We need to understand the difference between a Feature film and a non-Feature film. Though there are no distinct definitions, one can understand that Feature films generally tell a story depicted through staged performance by actors. A non-feature can show just about anything. Like a slice of life, a tale from history, a building, an artefact, a

philosophical narrative - the range is endless. In documentaries mostly real life characters are featured. The story is told through voice overs and / or interviews.


What Dadasaheb Phalke made was India’s first Feature film. He picked up the story of the righteous king Harishchandra and all characters were played by actors. This struggle to make the production is legendary. And his name is rightly celebrated. The film was released on April 21st 1913. Bhatavdekar's “The Wrestlers”, the country’s first film, was released in 1899, thirteen years earlier.


So what’s his story? And why don’t most people know about him?

Born in 1868, Bhatavdekar, popularly knows as Sawe Dada, was a Portrait photographer in Mumbai, then Bombay. In 1895, the Lumiere Brothers received lots of praise for the invention, Cinématographe. They came to India with 6 films to be screened at Watson Hotel in Bombay in 1896. Among the audience was Sawe Dada, the young photographer who was mesmerised with watching moving images. The tickets were priced at Re. 1 and the technology was called the “marvel of the century” by

Times of India.


The National Film Development Corporation of India (NFDC) writes in Indian Cinema, a Visual Voyage - “At Lumiere screenings in Bombay was present a local photographer - H S Bhatavdekar (Sawe Dada). He was keen on getting hold of the Lumiere Cinematographe which was the three-in-one apparatus - Camera, Projector and

Processing machine. Bhatavdekar was the first Indian to create moving

image in India.”


The awestruck Sawe Dada went on to procure a Motion Picture Camera from London for 21 Guineas.

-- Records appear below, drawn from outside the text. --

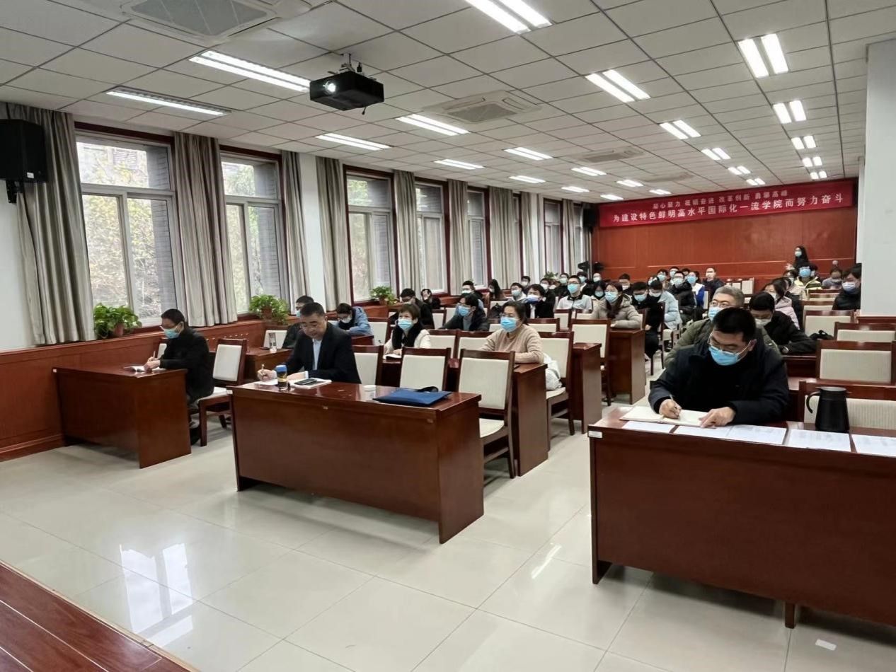 詹浩以“功成不必在我、功成必定有我的责任担当,投身学校教育事业”为主题,从学习贯彻党的二十大精神出发,回顾高校学生思想政治工作的实践历程,细数新时期高校学生思想政治引领工作所面临的挑战,新时期我校加强学生思想政治引领工作的举措以及如何做到立足岗位、踔厉奋发、勇毅前行这五个方面对党的二十大精神如何引领学校教育事业做了全面系统的宣讲。授课过程理论联系实际,给大家讲了一次系统全面、高质量的党课。
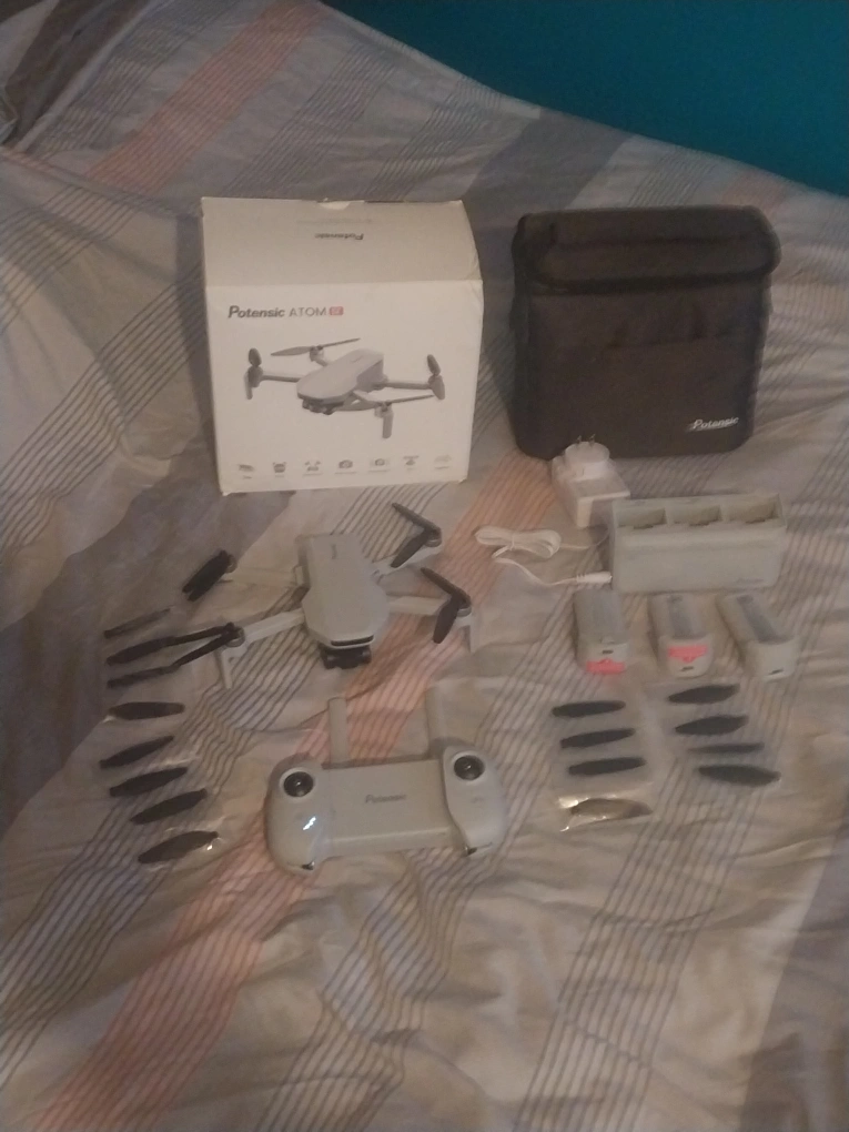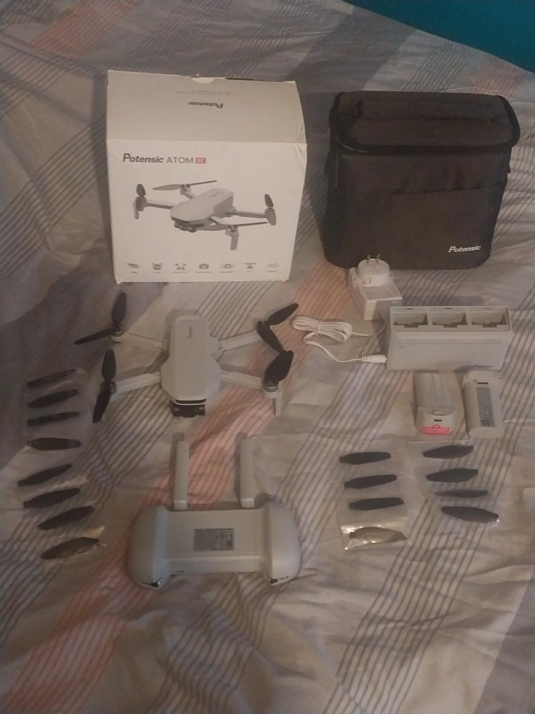 Selling a Potensic ATOM SE drone. It comes with the original box and all included components such as the controller, batteries, charger, extra propellers, and a carrying case. Ready for some high-flying fun!.
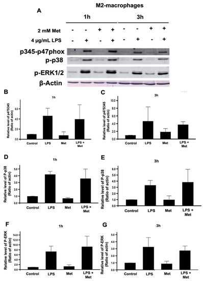 Figure 5. Effect of metformin on the phosphorylation of Ser345 of p47phox and its upstream MAP kinases, p38MAPK, and ERK1/2 in M2 macrophages. M2 macrophages were incubated in the absence or the presence of 2 mM metformin, then stimulated by LPS (4 µg/mL) for 1 and 3 h. The phosphorylation of Ser345-p47phox, p38MAPK, and ERK1/2 was evaluated compared to actin by SDS-PAGE and Western blot using specific antibodies (A). The pSer345-p47phox (B,C), p38MAPK (D,E), and ERK1/2 (F,G) and actin bands from three experiments were quantified and expressed as mean ± SD.

Armed with that, he went on to create the country’s first film, THE WRESTLERS. It was not a feature film but a short documentary or a factual film, a recording of a wrestling match in Bombay’s Hanging Garden.

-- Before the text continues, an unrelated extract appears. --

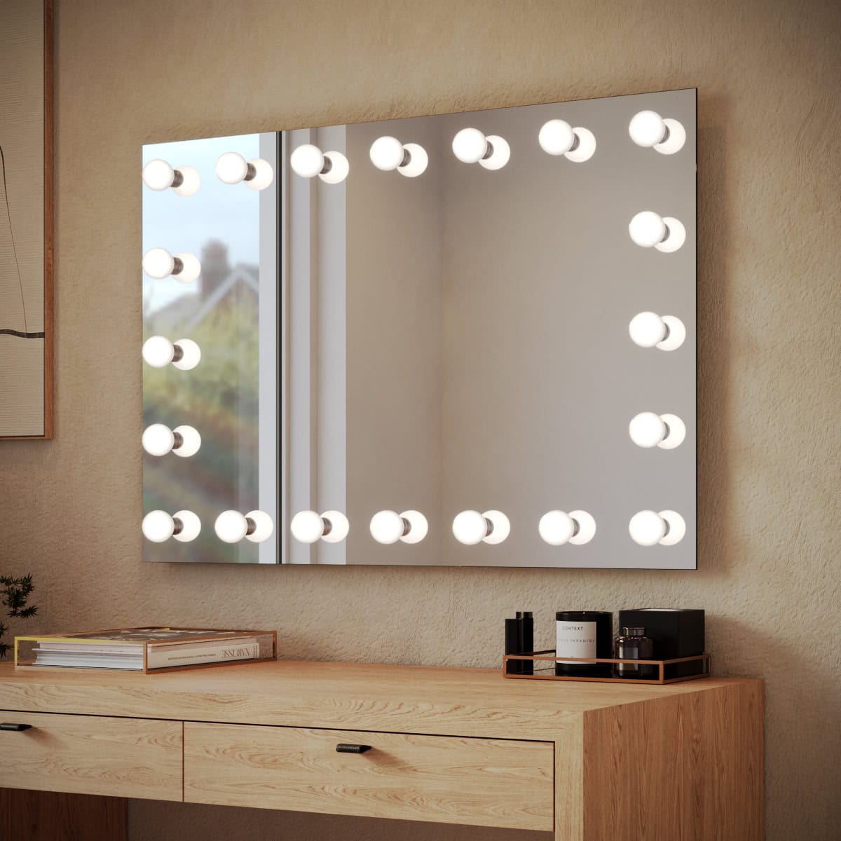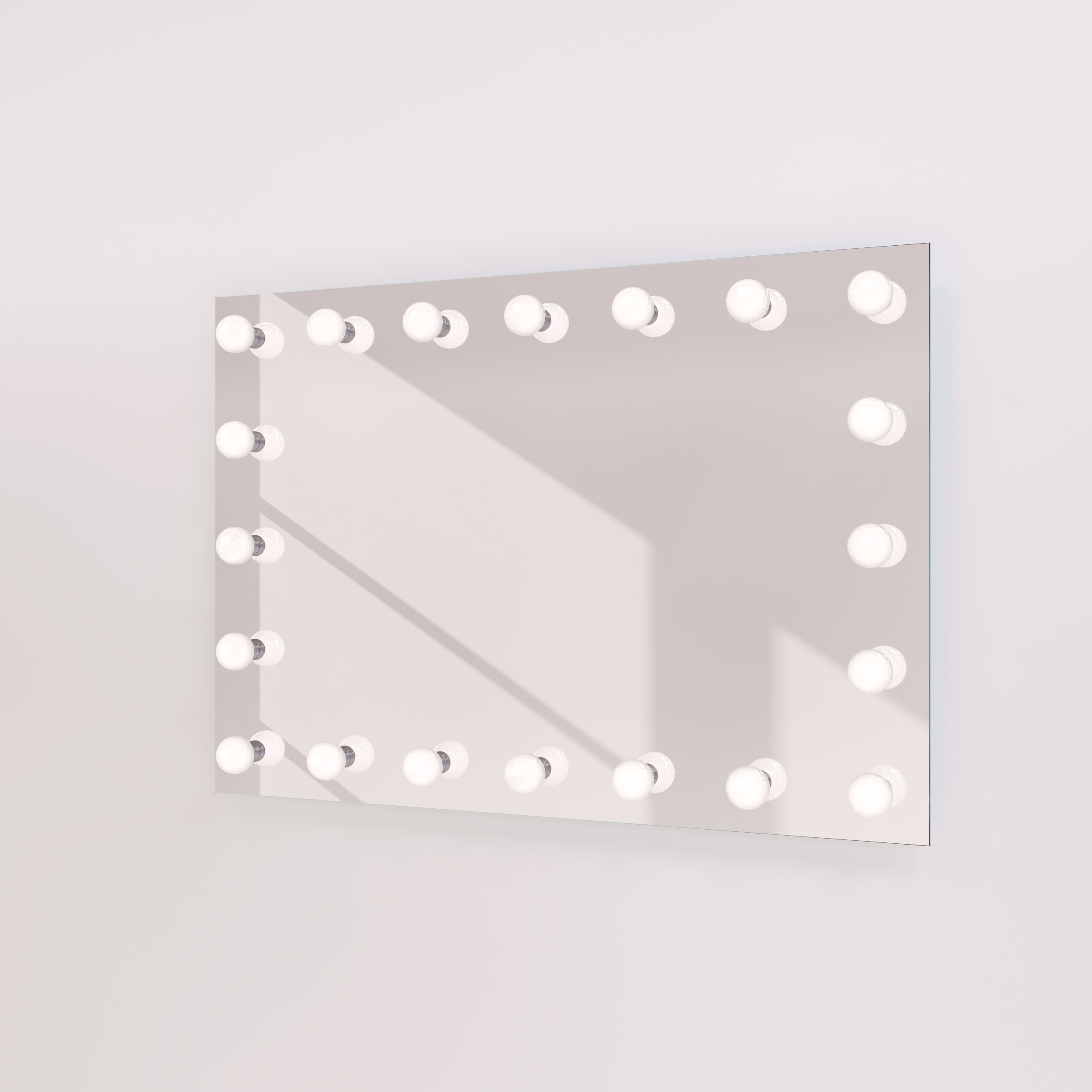 Der rechteckige Hollywood Spiegel Glamira ist mehr als nur ein Badspiegel – er ist ein Statement für Design und Funktionalität. Die rundherum positionierte, offene Beleuchtung mit stilvollen LED-Glühbirnen schafft eine schattenfreie und für kosmetische Anwendungen optimierte Ausleuchtung. Jeder Pinselstrich, jede Kontur wird perfekt sichtbar. Gefertigt aus 5mm starkem Kristallspiegel, garantiert er eine unverfälschte und brillante Reflexion, während die sorgfältig geschliffenen und veredelten Kanten von höchster Verarbeitungsqualität zeugen. Dank der individuellen Maßanfertigung fügt sich dieser LED Spiegel nahtlos in Ihr anspruchsvolles Raumkonzept ein und wird zum maßgeschneiderten Herzstück Ihres Badezimmers.
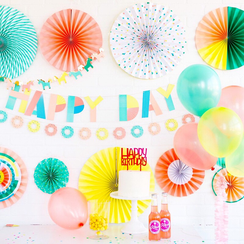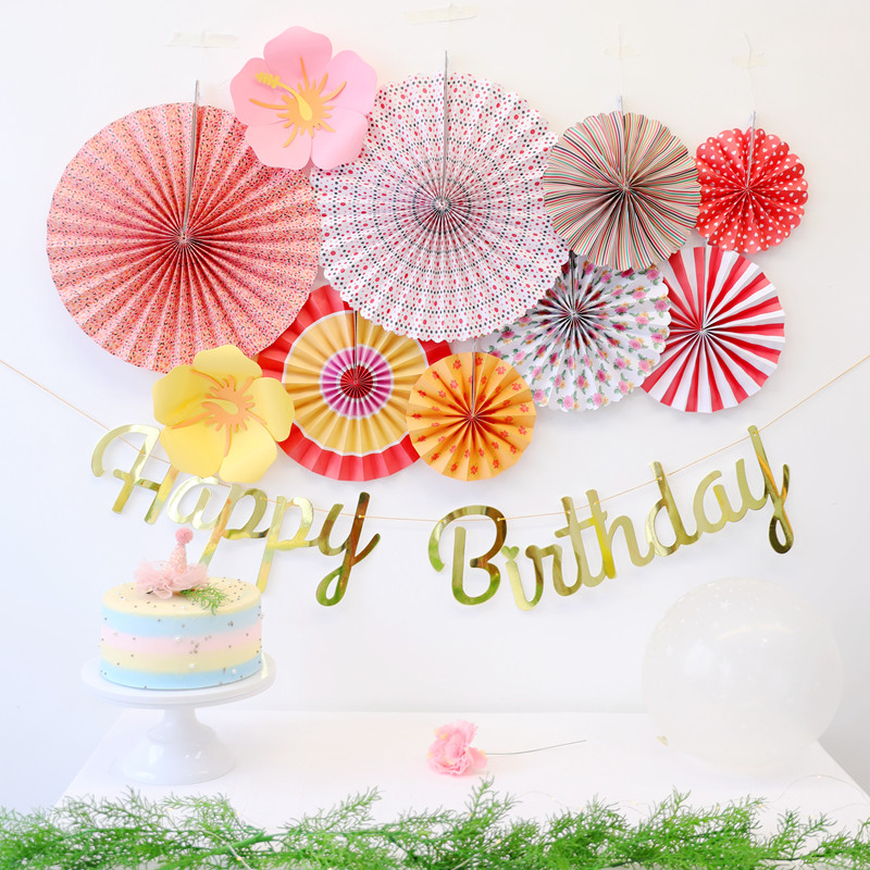 Children's Day window decoration Colorful dress up paper fan flower Birthday festival background wall atmosphere decoration charm

Sawe Dada fell in love with reel life and continued to shoot daily lives of his city. He recorded numerous events. And in a short span of 19 years, he shot 120 short films.

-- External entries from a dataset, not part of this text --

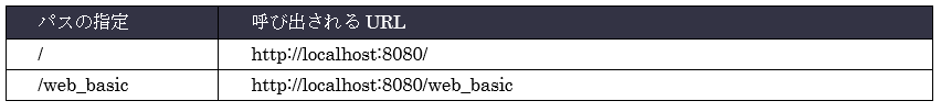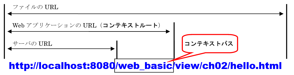 Webサーバは、Webアプリケーションをコンテキストと呼ばれる単位で管理しており、WebアプリケーションのURLのことをコンテキストルートとも呼びます。また、Webサーバから見たコンテキストルートまでのパスのことをコンテキストパスと呼びます。上記の図のURLでは「/web_basic」の部分がコンテキストパスとなっており、Tomcatの設定がデフォルトの状態のときは、Webアプリケーションのプロジェクト名の頭に「/」(スラッシュ)を付けたパスとなります。
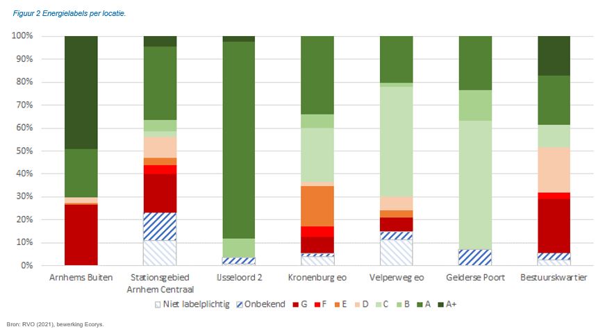 Vanaf 1 januari 2023 moeten kantoren verplicht een energielabel C of beter hebben. De ambitie ligt echter hoger. Gemeente Arnhem wil dat er in 2030 alleen nog maar kantoren met minimaal energielabel A zijn. Daarbij wordt bij renovatie gestimuleerd zoveel mogelijk richting label A+++ te renoveren, conform de renovatiestandaard. Die kantoren liggen dan op werklocaties die groen, duurzaam en toekomstbestendig zijn. De taak van de gemeente is om te informeren, stimuleren, reguleren en controleren. Van bedrijven en instellingen wordt verwacht dat zij bijdragen aan een duurzame toekomst door te investeren in het verduurzamen van panden, de percelen en de bedrijfsprocessen.
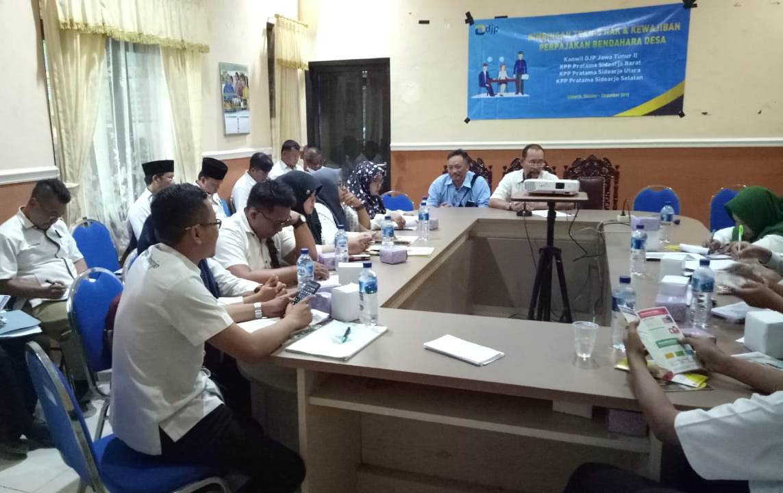 Dalam sambutannya Ammaruddin Arif Zakaria selaku perwakilan KPP Pratama Sidoarjo mengatakan bahwa kegiatan tersebut bertujuan untuk meningkatkan kompetensi bendahara dalam mengelola dana desa khususnya mengenai tata cara pemotongan dan pemungutan pajak atas tagihan dibayarkan oleh bendahara.

In 1902, he documented on cinema the return of the then Minister of Education, R P Paranjpye to India by ship. It was the first Indian news film ever. Later he made “Coronation Durbar” in 1911 that captured the coronation of King George V as the Emperor of India. He made films like Man and Monkey, 1899 (on training of monkeys),

Atash Behram, 1901 (renovation of Parsi Fire Temple), Landing of Sir MM Bhownuggree, 1901 (Life of a British Member of Parliament of Parsi Indian origin) among others.


A century later, the world has moved on. Most people have forgotten him. Yet, the pioneer H S Bhatavdekar who died on 20th February, 1958 left behind an overshadowed legacy.